Yesterday was my last day of work, though I've been going to the store a lot late. I'm hoping we can convince Jen to throw a party at her house wednesday and I can try to get work folk all together one last time. And maybe lure Chris in for some closure.
I know where I'm living in London now. And who I'm living with. I've kind of started packing. Tomorrow my mom and I are spending quality time together =) and running around town trying to get the last things I need. I'm trying to tie up loose ends and do all the stuff I told people I'd do before I leave. Crazy times.... But god is it exciting. Getting my housing info made me crazy excited. Much realer. It's gonna be insane.
Speaking of insane, I've had the weirdest sleeping pattern lately.

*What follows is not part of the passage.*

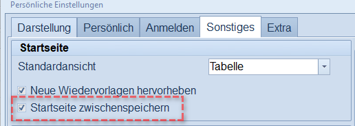Falls noch nicht geschehen, Aktivieren Sie die Option “Startseite zwischenspeichern“ in Ihren persönlichen Einstellungen.
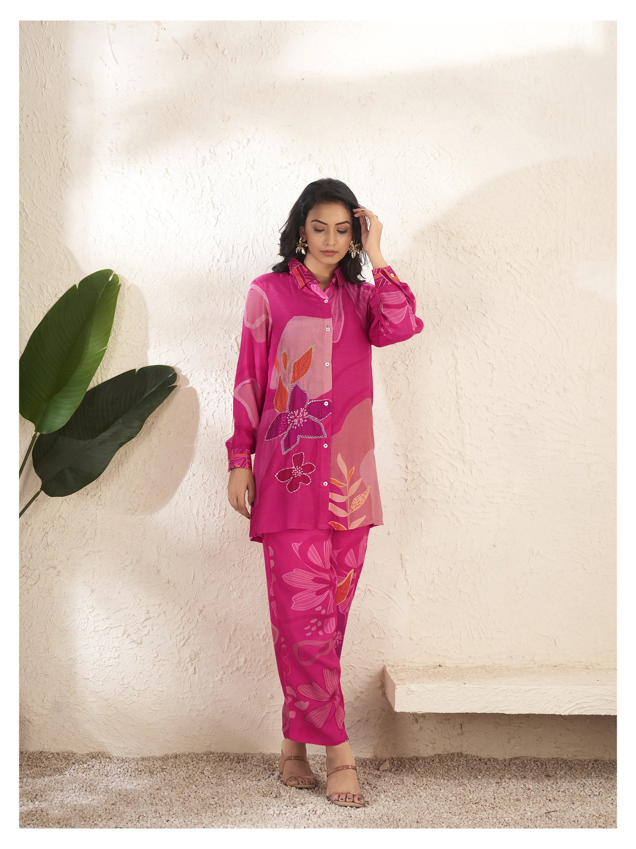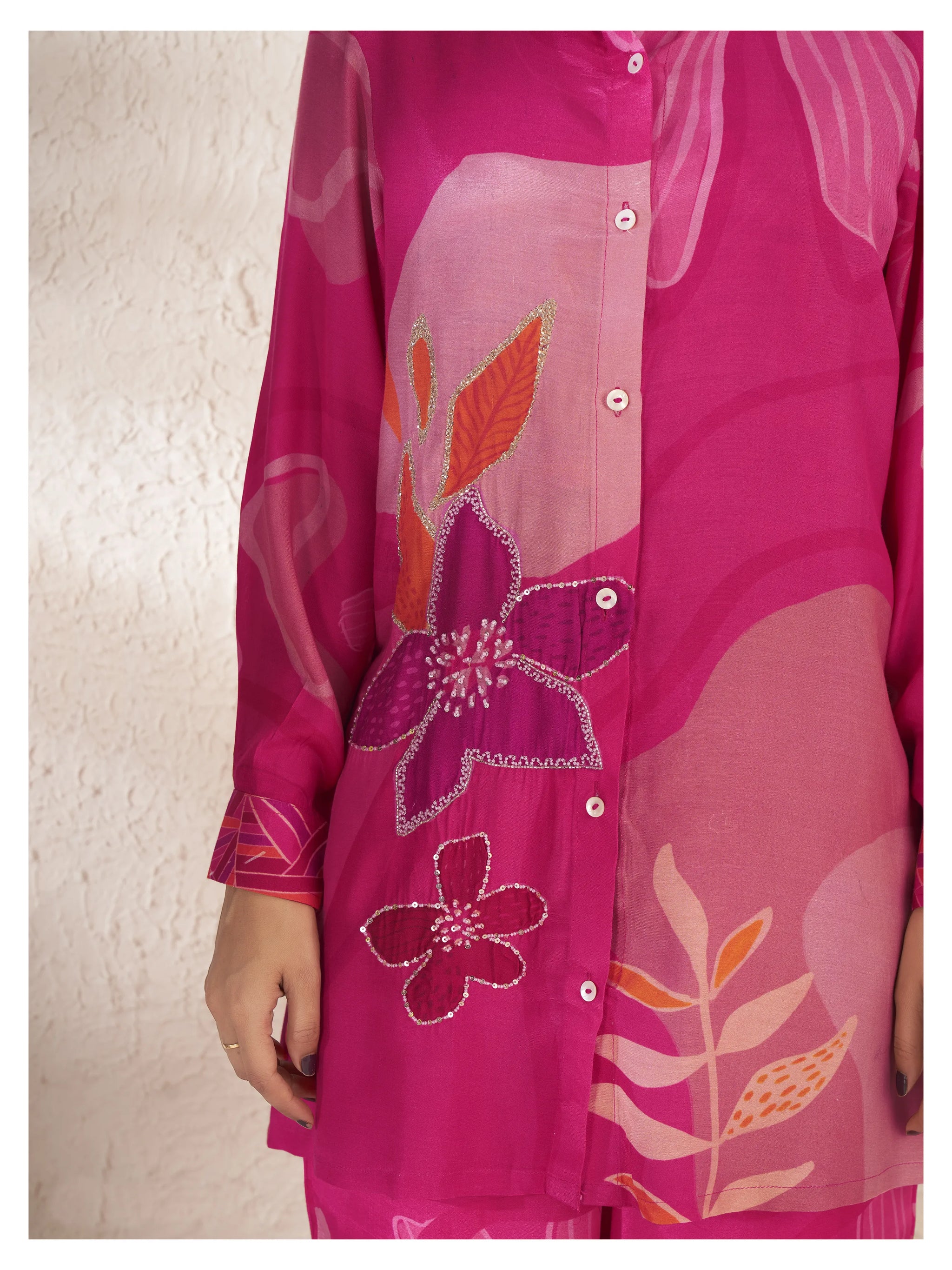 • Pink floral sequin-embellished shirt with an elegant floral print

Maybe my body's adjusting for London time.... but backwards. But anyway, staying up till 5am every night for random reasons. Got hungry, got sad. Weird stuff.
Last night I just started thinking about Thomas and I a lot. All my fears and worries came back. And I don't want to be worrying, and I'm happy to have this time to be single, meet people, date, etc. But balancing that with the fact that you're in love is fucking tough. You don't want to lose it, you don't want to let yourself forget it, as much as that can seem like part of being single and dating other people. Crazy. I talked to him about this a little tonight, but weirdly. I must compile =)
Ok, that's my not so quick quick update. I need sleep. Or more fake bacon.